What is required ▸ Skip the pictures. Output only the lines below starting at the line with "This etched stein, ca." and ending at the line with "Kızılcasöğüt - Duacılı", both ends included, exactly as they are.

Available data section start

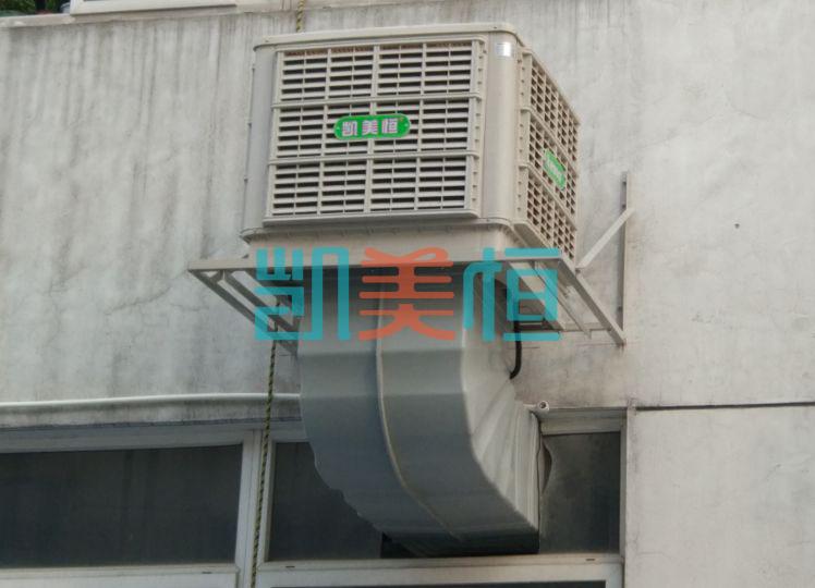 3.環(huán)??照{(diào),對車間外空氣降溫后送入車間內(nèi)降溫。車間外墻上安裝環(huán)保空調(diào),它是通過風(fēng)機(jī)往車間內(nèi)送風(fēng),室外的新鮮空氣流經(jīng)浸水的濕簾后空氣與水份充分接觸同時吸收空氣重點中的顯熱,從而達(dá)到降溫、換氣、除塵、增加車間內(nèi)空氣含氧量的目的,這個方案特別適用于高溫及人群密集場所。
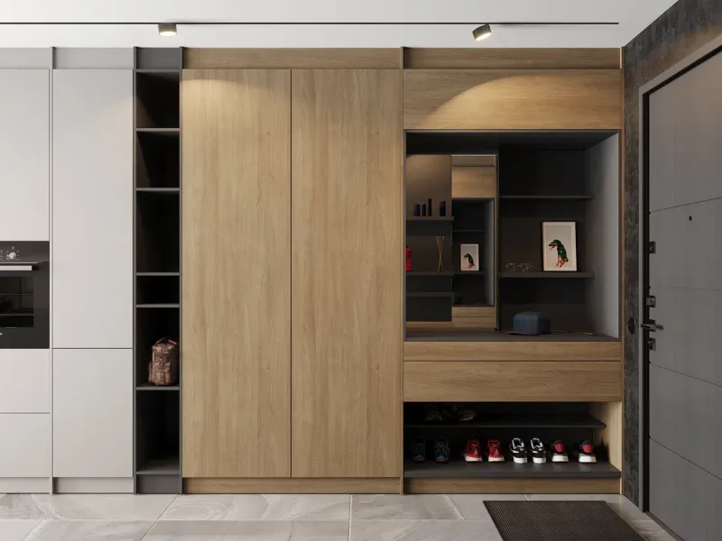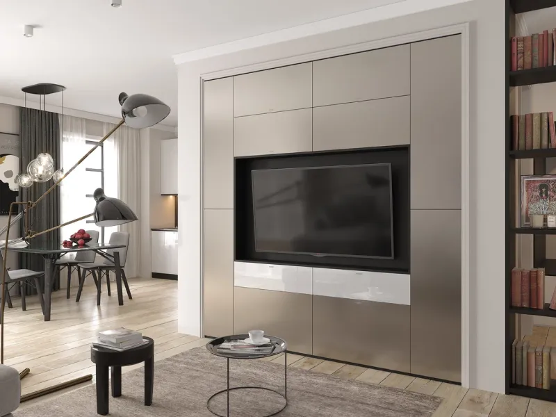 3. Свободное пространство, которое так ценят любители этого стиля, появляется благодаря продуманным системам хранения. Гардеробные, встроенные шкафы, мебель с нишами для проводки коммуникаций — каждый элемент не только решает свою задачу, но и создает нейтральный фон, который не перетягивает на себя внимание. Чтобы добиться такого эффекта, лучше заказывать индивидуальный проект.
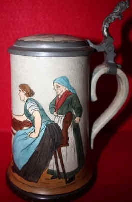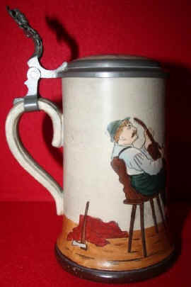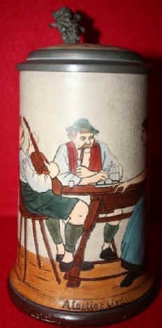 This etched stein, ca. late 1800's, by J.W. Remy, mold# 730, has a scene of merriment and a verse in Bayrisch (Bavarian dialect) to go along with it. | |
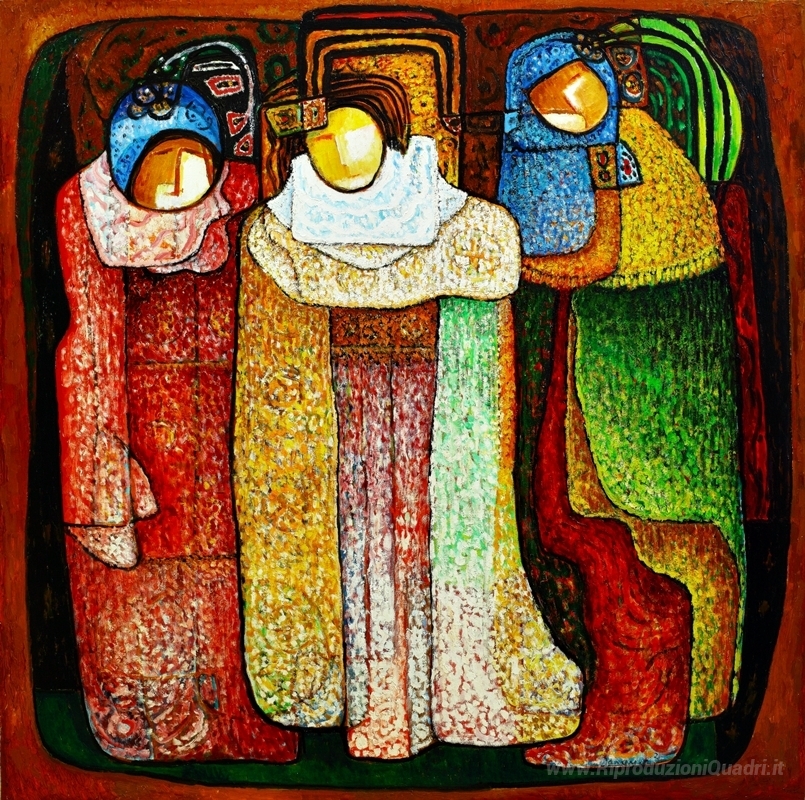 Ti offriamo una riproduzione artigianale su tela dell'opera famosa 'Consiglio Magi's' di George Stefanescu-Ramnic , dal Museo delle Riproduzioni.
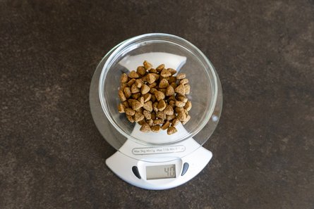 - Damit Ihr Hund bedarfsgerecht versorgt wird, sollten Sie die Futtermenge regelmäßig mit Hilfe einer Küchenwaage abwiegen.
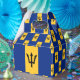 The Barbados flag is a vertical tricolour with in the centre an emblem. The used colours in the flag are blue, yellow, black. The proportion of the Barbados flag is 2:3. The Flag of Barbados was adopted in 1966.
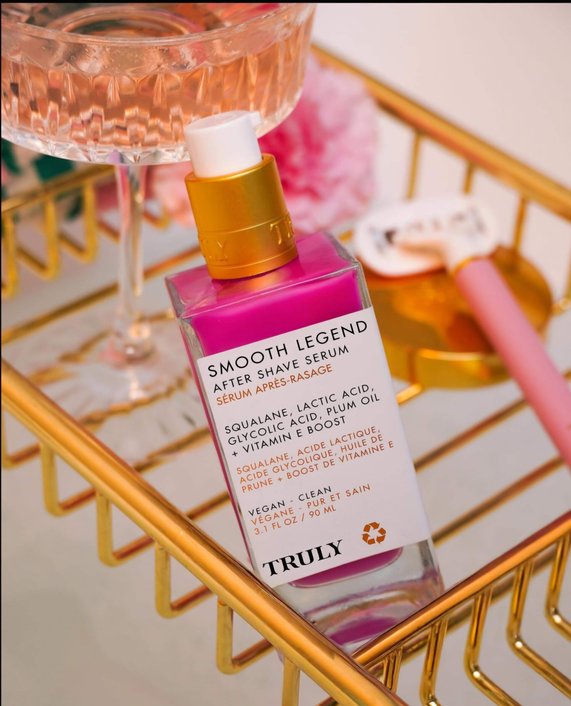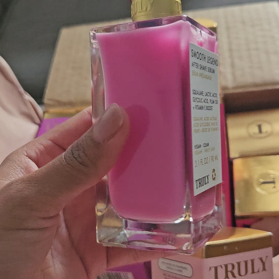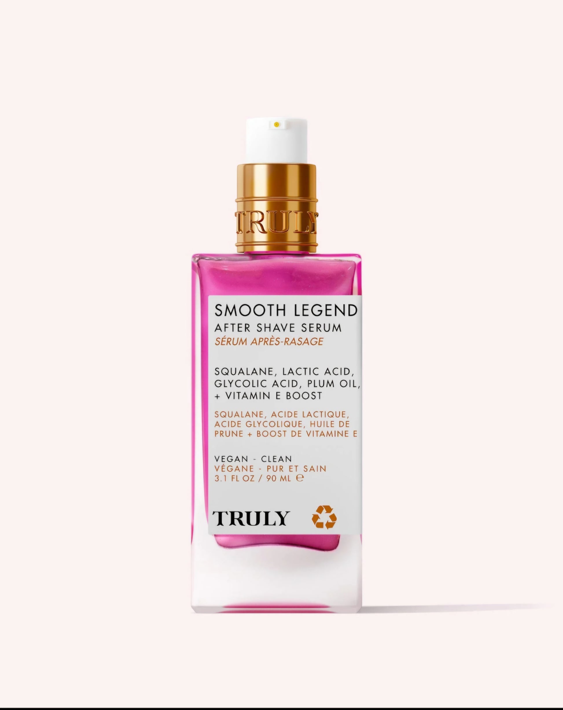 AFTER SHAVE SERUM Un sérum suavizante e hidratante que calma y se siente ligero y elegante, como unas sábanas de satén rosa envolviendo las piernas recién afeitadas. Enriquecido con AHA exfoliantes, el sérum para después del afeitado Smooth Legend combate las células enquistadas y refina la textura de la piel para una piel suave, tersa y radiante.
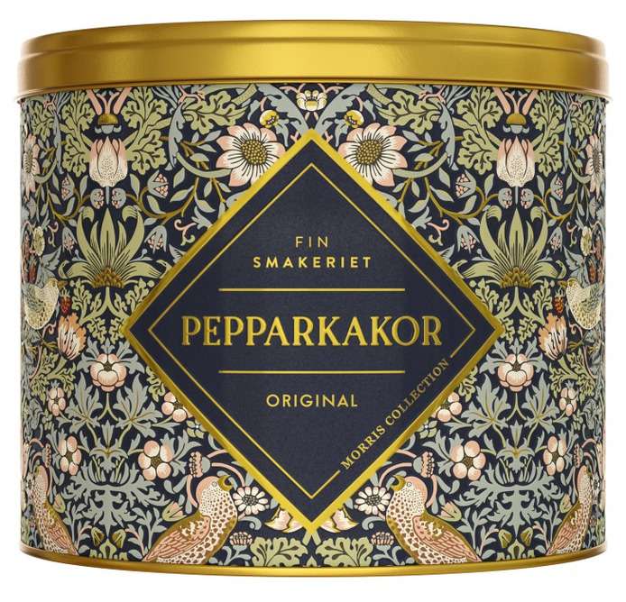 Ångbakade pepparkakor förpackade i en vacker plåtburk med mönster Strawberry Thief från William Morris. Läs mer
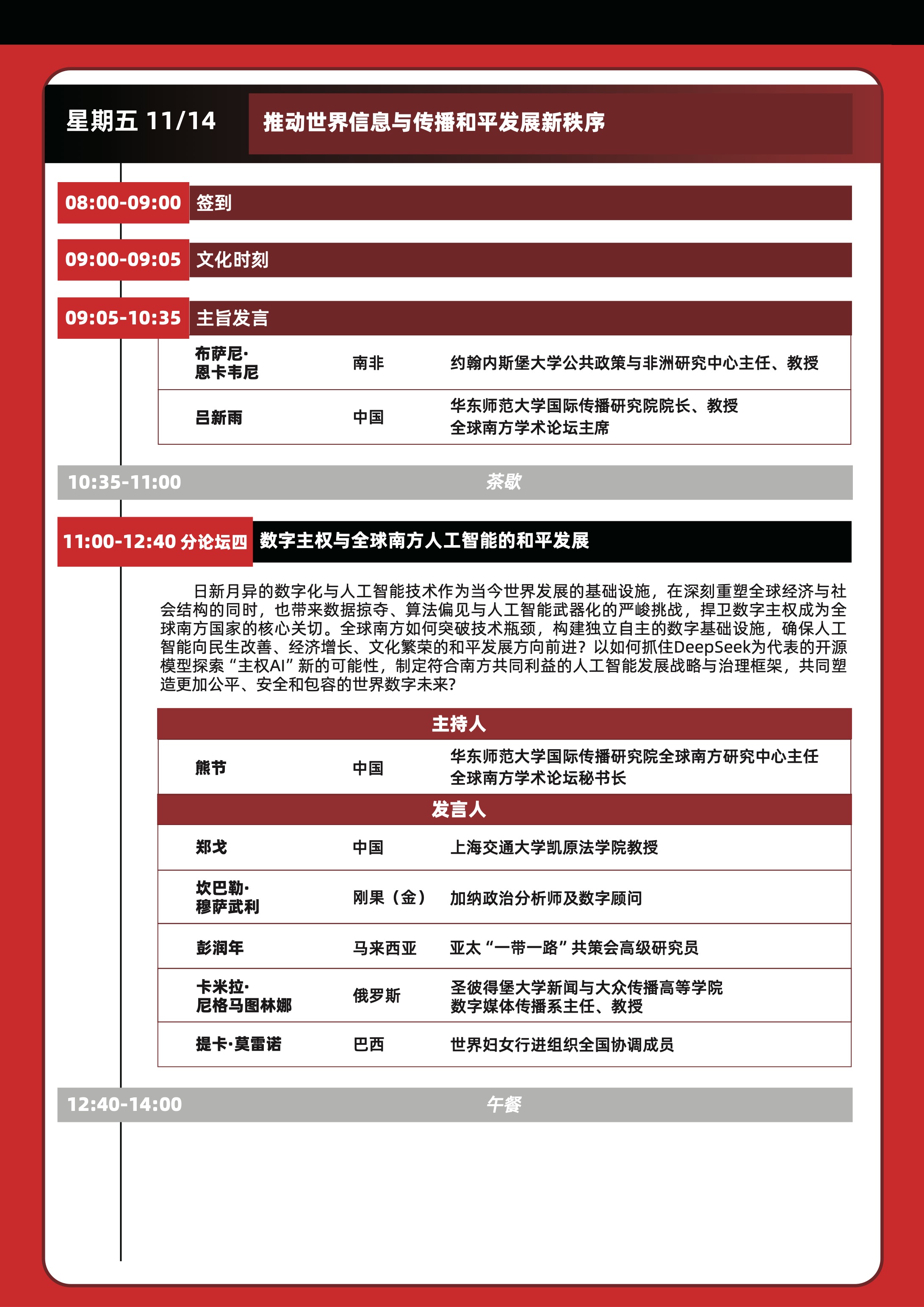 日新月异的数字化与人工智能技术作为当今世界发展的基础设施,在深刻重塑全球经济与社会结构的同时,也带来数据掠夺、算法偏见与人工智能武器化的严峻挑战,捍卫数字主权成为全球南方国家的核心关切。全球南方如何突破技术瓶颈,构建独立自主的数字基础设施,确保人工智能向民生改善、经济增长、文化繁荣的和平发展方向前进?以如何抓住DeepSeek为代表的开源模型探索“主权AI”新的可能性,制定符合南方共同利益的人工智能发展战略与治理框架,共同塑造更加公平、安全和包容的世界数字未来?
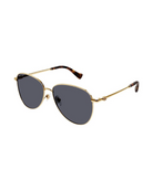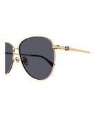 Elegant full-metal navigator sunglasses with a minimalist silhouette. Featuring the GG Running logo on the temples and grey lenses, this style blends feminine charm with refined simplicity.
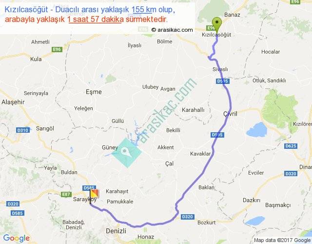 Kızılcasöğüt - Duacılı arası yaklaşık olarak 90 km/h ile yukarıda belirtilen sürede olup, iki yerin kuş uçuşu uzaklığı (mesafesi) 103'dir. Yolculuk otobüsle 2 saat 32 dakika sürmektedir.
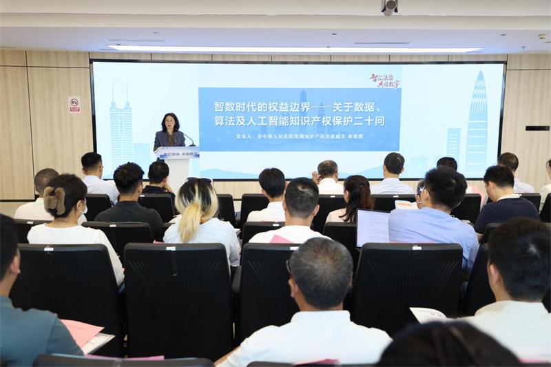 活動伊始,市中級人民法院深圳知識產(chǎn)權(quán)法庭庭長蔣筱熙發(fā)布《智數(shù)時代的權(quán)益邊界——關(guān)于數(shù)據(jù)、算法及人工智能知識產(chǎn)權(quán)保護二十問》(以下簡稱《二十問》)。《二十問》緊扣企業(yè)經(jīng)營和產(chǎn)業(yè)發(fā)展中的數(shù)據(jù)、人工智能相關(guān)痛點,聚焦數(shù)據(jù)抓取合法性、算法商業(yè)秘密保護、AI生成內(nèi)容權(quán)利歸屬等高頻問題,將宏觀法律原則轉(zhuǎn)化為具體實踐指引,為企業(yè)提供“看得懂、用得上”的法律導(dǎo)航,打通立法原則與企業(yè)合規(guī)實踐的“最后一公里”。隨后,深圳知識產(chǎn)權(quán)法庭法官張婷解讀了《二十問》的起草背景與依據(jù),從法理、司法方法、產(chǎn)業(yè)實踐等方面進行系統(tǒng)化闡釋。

Available data section end

Answer to this exercise ▸
 This etched stein, ca. late 1800's, by J.W. Remy, mold# 730, has a scene of merriment and a verse in Bayrisch (Bavarian dialect) to go along with it. | |
 Ti offriamo una riproduzione artigianale su tela dell'opera famosa 'Consiglio Magi's' di George Stefanescu-Ramnic , dal Museo delle Riproduzioni.
 - Damit Ihr Hund bedarfsgerecht versorgt wird, sollten Sie die Futtermenge regelmäßig mit Hilfe einer Küchenwaage abwiegen.
 The Barbados flag is a vertical tricolour with in the centre an emblem. The used colours in the flag are blue, yellow, black. The proportion of the Barbados flag is 2:3. The Flag of Barbados was adopted in 1966.
 AFTER SHAVE SERUM Un sérum suavizante e hidratante que calma y se siente ligero y elegante, como unas sábanas de satén rosa envolviendo las piernas recién afeitadas. Enriquecido con AHA exfoliantes, el sérum para después del afeitado Smooth Legend combate las células enquistadas y refina la textura de la piel para una piel suave, tersa y radiante.
 Ångbakade pepparkakor förpackade i en vacker plåtburk med mönster Strawberry Thief från William Morris. Läs mer
 日新月异的数字化与人工智能技术作为当今世界发展的基础设施,在深刻重塑全球经济与社会结构的同时,也带来数据掠夺、算法偏见与人工智能武器化的严峻挑战,捍卫数字主权成为全球南方国家的核心关切。全球南方如何突破技术瓶颈,构建独立自主的数字基础设施,确保人工智能向民生改善、经济增长、文化繁荣的和平发展方向前进?以如何抓住DeepSeek为代表的开源模型探索“主权AI”新的可能性,制定符合南方共同利益的人工智能发展战略与治理框架,共同塑造更加公平、安全和包容的世界数字未来?
 Elegant full-metal navigator sunglasses with a minimalist silhouette. Featuring the GG Running logo on the temples and grey lenses, this style blends feminine charm with refined simplicity.
 Kızılcasöğüt - Duacılı arası yaklaşık olarak 90 km/h ile yukarıda belirtilen sürede olup, iki yerin kuş uçuşu uzaklığı (mesafesi) 103'dir. Yolculuk otobüsle 2 saat 32 dakika sürmektedir.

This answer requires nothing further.